**Directions**: Excluding pictures, give the entries again exactly as they appear.

**Dataset excerpts**:
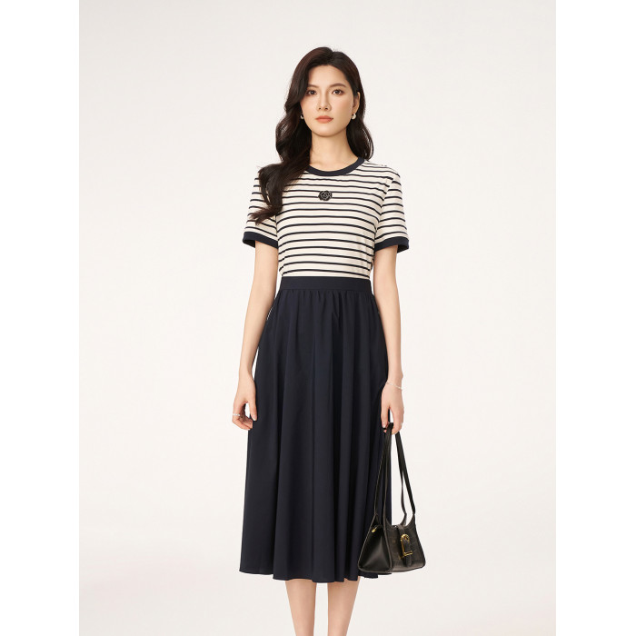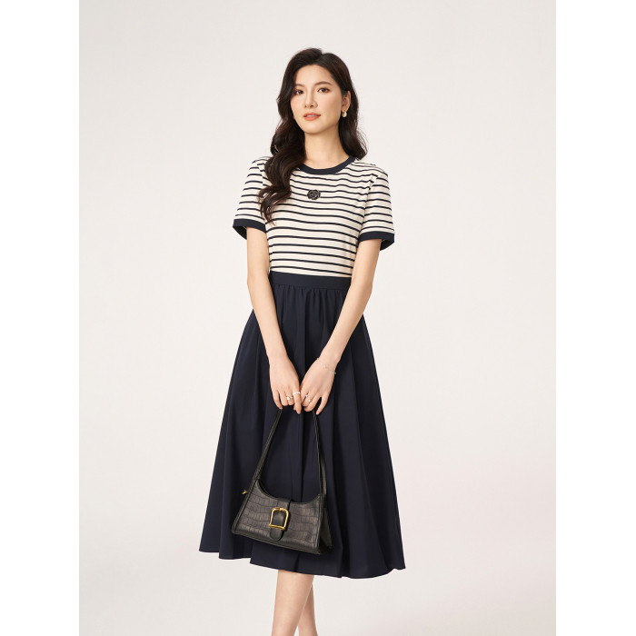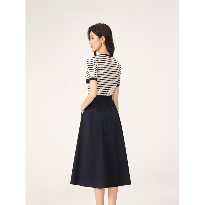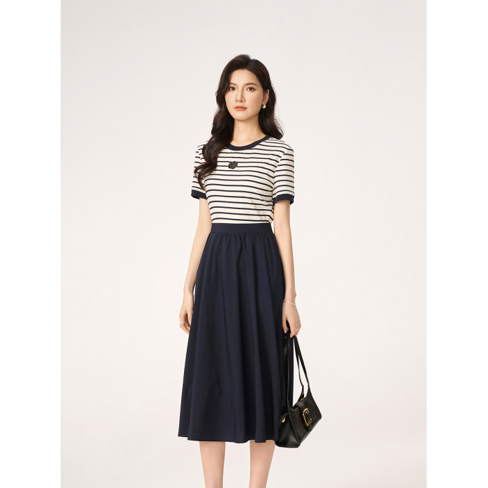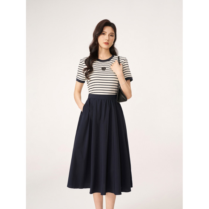 2025夏季新款商場同款法式輕奢高級感休閒條紋假兩件短袖連衣裙女
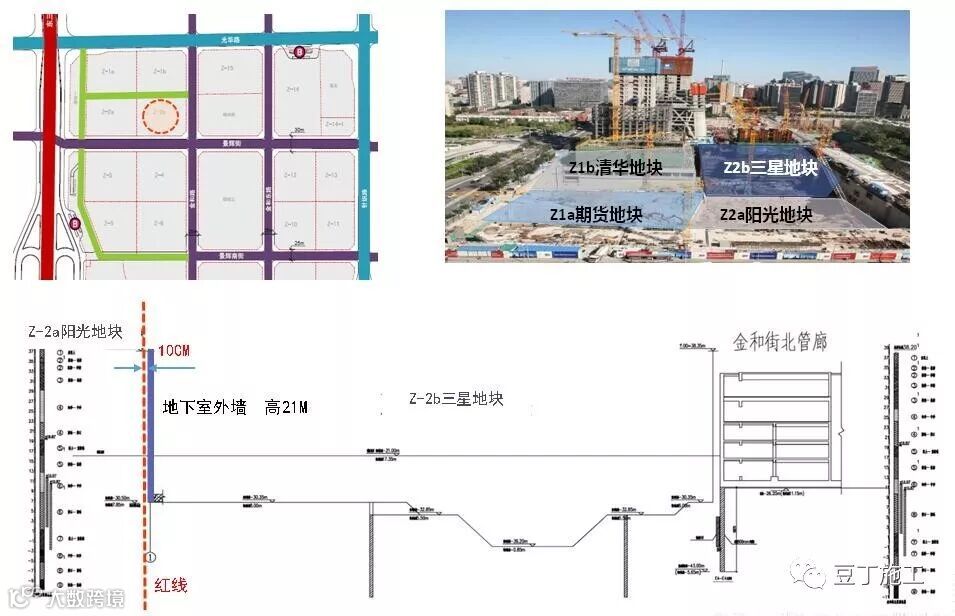 北京市CBD核心区Z2b地块四周均是在建项目,场地狭小,在建项目之间限制性大,尤其是西侧地下室外墙,距红线只有10cm,且红线外侧即为阳光保险在施地块,使得西侧地下室21m高外墙无法按照现有施工方法进行结构施工,故结合建筑工业化和绿色建造的施工理念,研发PCF单侧支模技术,解决现有难题。接下来我简称PCF单侧支模为PC板
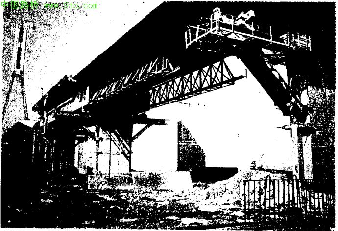 当第一跨箱梁施工时,该支架后支点用两个600t千斤顶支于后墩牛腿上.而前支点则用两个800t千斤顶支于前墩牛腿上。
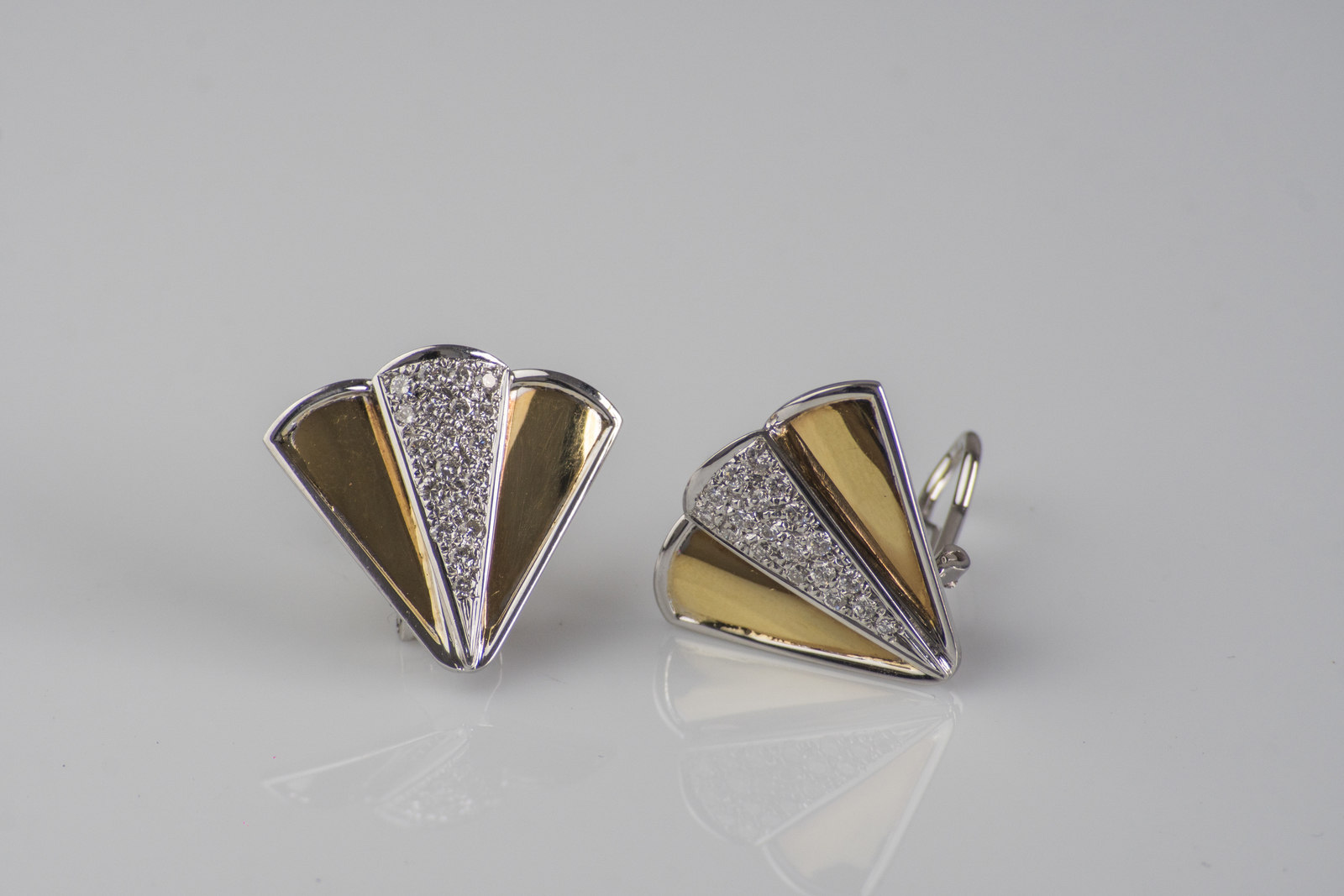 Orecchini in oro giallo e bianco 18kt a ventaglio, gr 13.10. Diamanti cts...
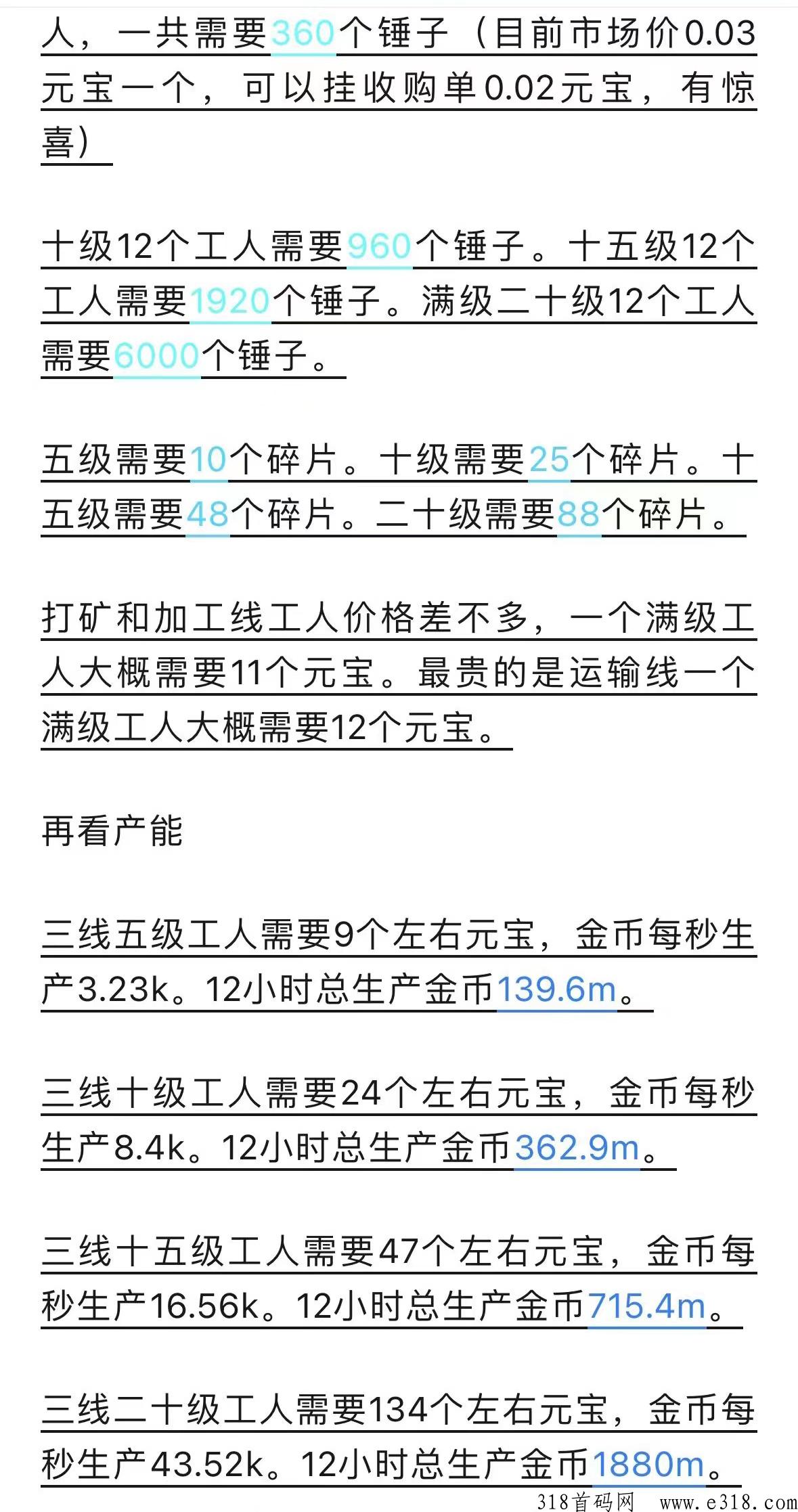 (可选较为推荐)将所有工人都升到10级(使用600锤子+180碎片), 花费20.4元宝,产量362.88m/12小时
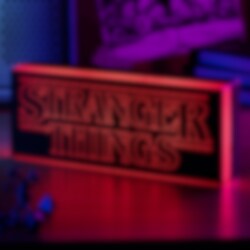 Hieno lamppu, jossa Stranger Things -logo loistaa punaisena.
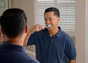 A toothbrush is an instrument used to clean teeth, consisting of a small brush on a handle. Toothpaste, often containing fluoride, is commonly added to a toothbrush to aid in cleaning. Toothbrushes come in manual and electric varieties. Although there is conflicting evidence as to which is more effective, most evidence points to electric toothbrushes with an oscillatory motion being more effective than manual toothbrushes, with toothbrushes lacking an oscillatory motion being equivalent.[41] A 2014 Cochrane review found moderate evidence that electric toothbrushes reduce plaque and gingivitis more than manual ones.[41] Overall, both manual and electric toothbrushes are effective, however, and it is often recommended that people use whichever they feel comfortable with, determine is affordable for them, and will be more likely to regularly brush with.[42]

**Output**:
 2025夏季新款商場同款法式輕奢高級感休閒條紋假兩件短袖連衣裙女
 北京市CBD核心区Z2b地块四周均是在建项目,场地狭小,在建项目之间限制性大,尤其是西侧地下室外墙,距红线只有10cm,且红线外侧即为阳光保险在施地块,使得西侧地下室21m高外墙无法按照现有施工方法进行结构施工,故结合建筑工业化和绿色建造的施工理念,研发PCF单侧支模技术,解决现有难题。接下来我简称PCF单侧支模为PC板
 当第一跨箱梁施工时,该支架后支点用两个600t千斤顶支于后墩牛腿上.而前支点则用两个800t千斤顶支于前墩牛腿上。
 Orecchini in oro giallo e bianco 18kt a ventaglio, gr 13.10. Diamanti cts...
 (可选较为推荐)将所有工人都升到10级(使用600锤子+180碎片), 花费20.4元宝,产量362.88m/12小时
 Hieno lamppu, jossa Stranger Things -logo loistaa punaisena.
 A toothbrush is an instrument used to clean teeth, consisting of a small brush on a handle. Toothpaste, often containing fluoride, is commonly added to a toothbrush to aid in cleaning. Toothbrushes come in manual and electric varieties. Although there is conflicting evidence as to which is more effective, most evidence points to electric toothbrushes with an oscillatory motion being more effective than manual toothbrushes, with toothbrushes lacking an oscillatory motion being equivalent.[41] A 2014 Cochrane review found moderate evidence that electric toothbrushes reduce plaque and gingivitis more than manual ones.[41] Overall, both manual and electric toothbrushes are effective, however, and it is often recommended that people use whichever they feel comfortable with, determine is affordable for them, and will be more likely to regularly brush with.[42]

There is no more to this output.